** AIM OF THE EXERCISE **
Nothing but an exact repeat of the data, with pictures removed, belongs in the answer.

** RECORDED INFORMATION **
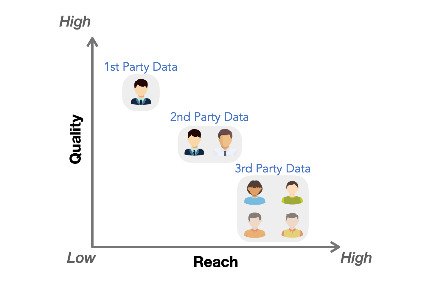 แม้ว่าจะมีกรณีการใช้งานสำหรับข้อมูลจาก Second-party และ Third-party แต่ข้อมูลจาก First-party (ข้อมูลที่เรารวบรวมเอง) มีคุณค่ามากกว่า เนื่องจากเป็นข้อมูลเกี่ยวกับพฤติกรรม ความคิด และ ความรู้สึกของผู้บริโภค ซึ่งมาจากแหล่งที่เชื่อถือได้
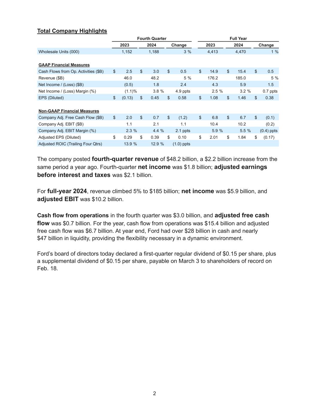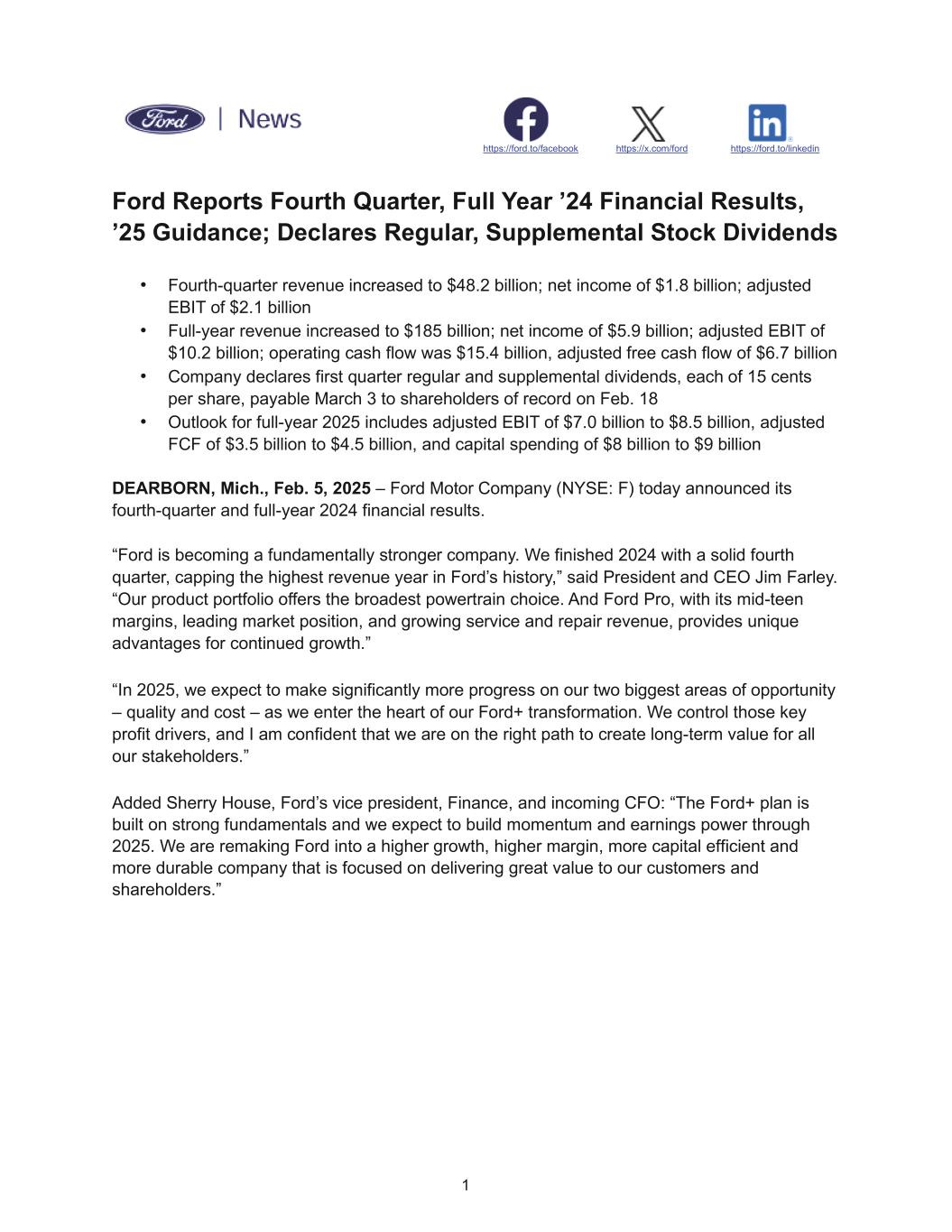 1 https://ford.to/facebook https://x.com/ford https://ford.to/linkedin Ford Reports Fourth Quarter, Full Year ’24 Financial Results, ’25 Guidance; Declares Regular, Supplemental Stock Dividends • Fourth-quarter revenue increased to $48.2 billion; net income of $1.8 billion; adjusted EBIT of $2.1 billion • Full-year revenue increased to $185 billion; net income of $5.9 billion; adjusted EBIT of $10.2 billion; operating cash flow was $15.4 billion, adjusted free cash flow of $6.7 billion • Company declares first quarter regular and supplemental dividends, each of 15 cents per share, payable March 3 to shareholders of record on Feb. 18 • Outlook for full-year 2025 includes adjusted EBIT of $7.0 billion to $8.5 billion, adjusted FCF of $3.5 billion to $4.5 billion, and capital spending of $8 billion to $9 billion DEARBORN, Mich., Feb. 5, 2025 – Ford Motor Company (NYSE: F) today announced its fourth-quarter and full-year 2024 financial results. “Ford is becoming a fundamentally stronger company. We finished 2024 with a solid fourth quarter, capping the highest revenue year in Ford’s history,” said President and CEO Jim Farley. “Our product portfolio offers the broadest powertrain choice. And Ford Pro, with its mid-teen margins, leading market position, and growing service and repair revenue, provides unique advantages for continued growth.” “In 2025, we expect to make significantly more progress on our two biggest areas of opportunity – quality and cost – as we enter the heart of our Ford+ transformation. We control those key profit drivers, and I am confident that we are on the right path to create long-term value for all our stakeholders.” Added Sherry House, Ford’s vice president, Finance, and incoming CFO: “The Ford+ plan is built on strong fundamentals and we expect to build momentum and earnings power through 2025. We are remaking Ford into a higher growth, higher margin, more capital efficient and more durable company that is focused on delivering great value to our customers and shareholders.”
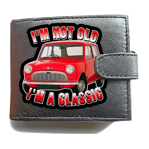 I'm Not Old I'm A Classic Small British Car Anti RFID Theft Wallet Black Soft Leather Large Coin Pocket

** WRITTEN REPLY **
 แม้ว่าจะมีกรณีการใช้งานสำหรับข้อมูลจาก Second-party และ Third-party แต่ข้อมูลจาก First-party (ข้อมูลที่เรารวบรวมเอง) มีคุณค่ามากกว่า เนื่องจากเป็นข้อมูลเกี่ยวกับพฤติกรรม ความคิด และ ความรู้สึกของผู้บริโภค ซึ่งมาจากแหล่งที่เชื่อถือได้
 1 https://ford.to/facebook https://x.com/ford https://ford.to/linkedin Ford Reports Fourth Quarter, Full Year ’24 Financial Results, ’25 Guidance; Declares Regular, Supplemental Stock Dividends • Fourth-quarter revenue increased to $48.2 billion; net income of $1.8 billion; adjusted EBIT of $2.1 billion • Full-year revenue increased to $185 billion; net income of $5.9 billion; adjusted EBIT of $10.2 billion; operating cash flow was $15.4 billion, adjusted free cash flow of $6.7 billion • Company declares first quarter regular and supplemental dividends, each of 15 cents per share, payable March 3 to shareholders of record on Feb. 18 • Outlook for full-year 2025 includes adjusted EBIT of $7.0 billion to $8.5 billion, adjusted FCF of $3.5 billion to $4.5 billion, and capital spending of $8 billion to $9 billion DEARBORN, Mich., Feb. 5, 2025 – Ford Motor Company (NYSE: F) today announced its fourth-quarter and full-year 2024 financial results. “Ford is becoming a fundamentally stronger company. We finished 2024 with a solid fourth quarter, capping the highest revenue year in Ford’s history,” said President and CEO Jim Farley. “Our product portfolio offers the broadest powertrain choice. And Ford Pro, with its mid-teen margins, leading market position, and growing service and repair revenue, provides unique advantages for continued growth.” “In 2025, we expect to make significantly more progress on our two biggest areas of opportunity – quality and cost – as we enter the heart of our Ford+ transformation. We control those key profit drivers, and I am confident that we are on the right path to create long-term value for all our stakeholders.” Added Sherry House, Ford’s vice president, Finance, and incoming CFO: “The Ford+ plan is built on strong fundamentals and we expect to build momentum and earnings power through 2025. We are remaking Ford into a higher growth, higher margin, more capital efficient and more durable company that is focused on delivering great value to our customers and shareholders.”
 I'm Not Old I'm A Classic Small British Car Anti RFID Theft Wallet Black Soft Leather Large Coin Pocket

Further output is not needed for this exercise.